The social context makes technical documentation dangerous and, according to a representative from the Putumayon health department, there are few labs that can run the necessary tests. Monsanto, the U.S. corporate producers of Roundup, are equipped to perform the study.
For now, the chemical spray settling on coca plants, corn, and children alike is a commercial secret. Betsy Boatner of Action Plan from Enviro-Plan Colombia Meeting said, "We can't be really sure what is the exact chemical composition of the herbicide(s) being sprayed" without independent technical verification. Putumayan contacts called for international support in seeking technical expertise to bear on what the peasants face in making their land whole again.

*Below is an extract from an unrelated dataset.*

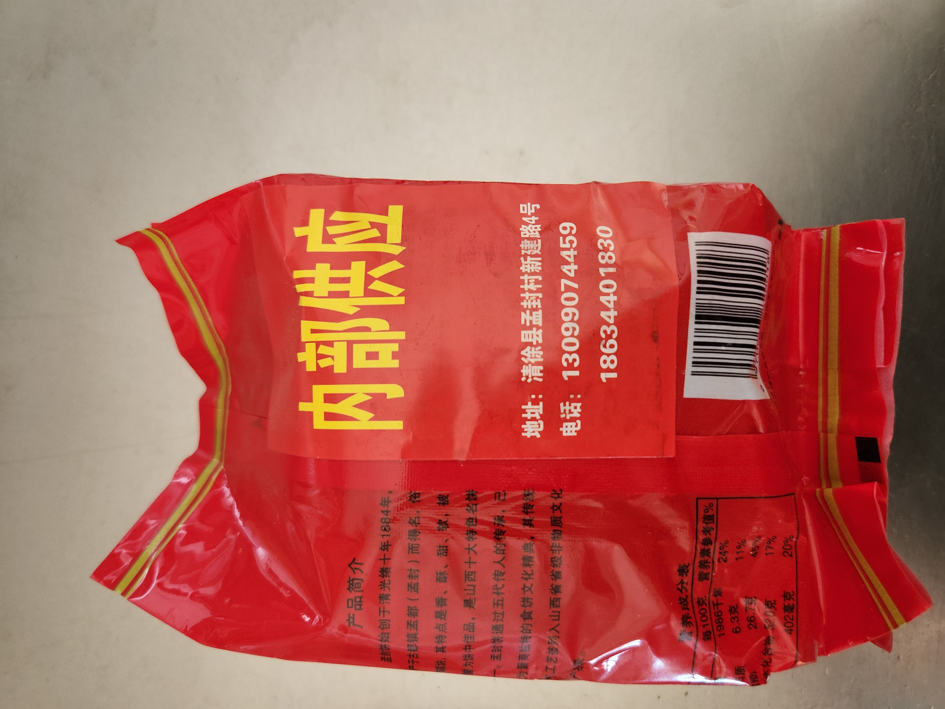 清徐孟封饼工艺独特,采用传统的吊炉、闷罐储倦烘焙;选料精优,调配合理,纯天然,不含防腐剂,符合现代食品要求;从开始配料到烤制成功,一般要经过二十四道工序。配料必须精准,每一道工序必须按流程严格进行,手工娴熟,不骄不躁,用心细致,许多要领天天操作才能熟练掌握。

Fumigations have profound negative social consequences as well as the environmental impact. "The two are intricately woven together, and our social fabric has been stressed and torn....Entire communities must relocate, unemployment is skyrocketing, and we can not afford to send our children to school any more, " said one mayor.
Human Rights Violations
The violation of human rights accompanies covert environmental and social violence in Putumayo, as elsewhere in Colombia. Civil society is caught in middle of the armed conflict and feels paralyzed by pressure from all sides. Local contacts in Putumayo said that everyone
has a story of human rights violation at the hands of military or illegal armed group, but they are too scared to speak. Telling one's story would likely result in violent repercussions.

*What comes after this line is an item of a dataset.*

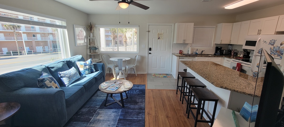 Follow the sun to this beautifully renovated oceanfront studio—where white sand, warm breezes, and crystal blue waters await. • Free beach chairs and umbrella included with your stay (March 15 – October 31). • Relax on your private balcony overlooking one of the most breathtaking beaches in the world. • Centrally located – park your car and forget about it! Walk to top-rated restaurants, Pier Park, and many local favorites.

The United States high commander on human rights, working in the U.S. embassy in Bogotà, said that the commission will accept and analyze canalize reports on human rights violations from reliable sources. Without a verifiable, first-hand account or some sort of documentation, advocates cannot pressure the government or hold anyone accountable -- just as with environmental injustice. The vicious cycle continues in silence -perpetuated by fear of reprisal, lack of accountability, and officials distanced from their people.
In this tangled web of greed, violence, corruption, and desperation one thing is certain: U.S. "assistance" is exacerbating Colombia's myriad problems. The US government correctly names its projection of power as "war." The victims are many: small farmers, children, indigenous communities, biodiversity, and the environmental integrity of whole neighborhoods. In this alleged "war on drugs," coca production remains relatively unharmed.

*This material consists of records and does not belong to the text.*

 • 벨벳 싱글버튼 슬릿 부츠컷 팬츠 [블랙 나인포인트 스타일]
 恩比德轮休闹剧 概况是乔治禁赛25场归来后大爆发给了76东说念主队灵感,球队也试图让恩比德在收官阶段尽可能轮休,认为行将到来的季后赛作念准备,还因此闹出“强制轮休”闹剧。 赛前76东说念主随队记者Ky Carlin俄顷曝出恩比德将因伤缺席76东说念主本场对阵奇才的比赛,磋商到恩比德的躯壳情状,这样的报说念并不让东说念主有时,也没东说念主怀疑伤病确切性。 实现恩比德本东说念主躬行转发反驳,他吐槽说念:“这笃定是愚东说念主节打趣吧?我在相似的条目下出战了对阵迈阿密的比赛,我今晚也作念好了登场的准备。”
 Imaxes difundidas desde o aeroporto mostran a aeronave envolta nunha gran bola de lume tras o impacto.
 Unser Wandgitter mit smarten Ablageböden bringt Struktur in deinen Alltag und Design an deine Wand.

The U.S. government intends to continue military intervention through Plan Colombia. The 24th Brigade plans to fumigate again in April. Will the international community allow the United States to continue these attacks on people and land under the thin guise of cooperative peacemaking and a drug war?
As sure as there are forces of death waging war on Colombia, there is remnant struggling to restore life and create space for a just peace. "Hope burns that much brighter against a dark back drop," commented one Catholic priest. If Colombians can preserver in the midst of injustice and violence, certainly North Americans who care about them can as well.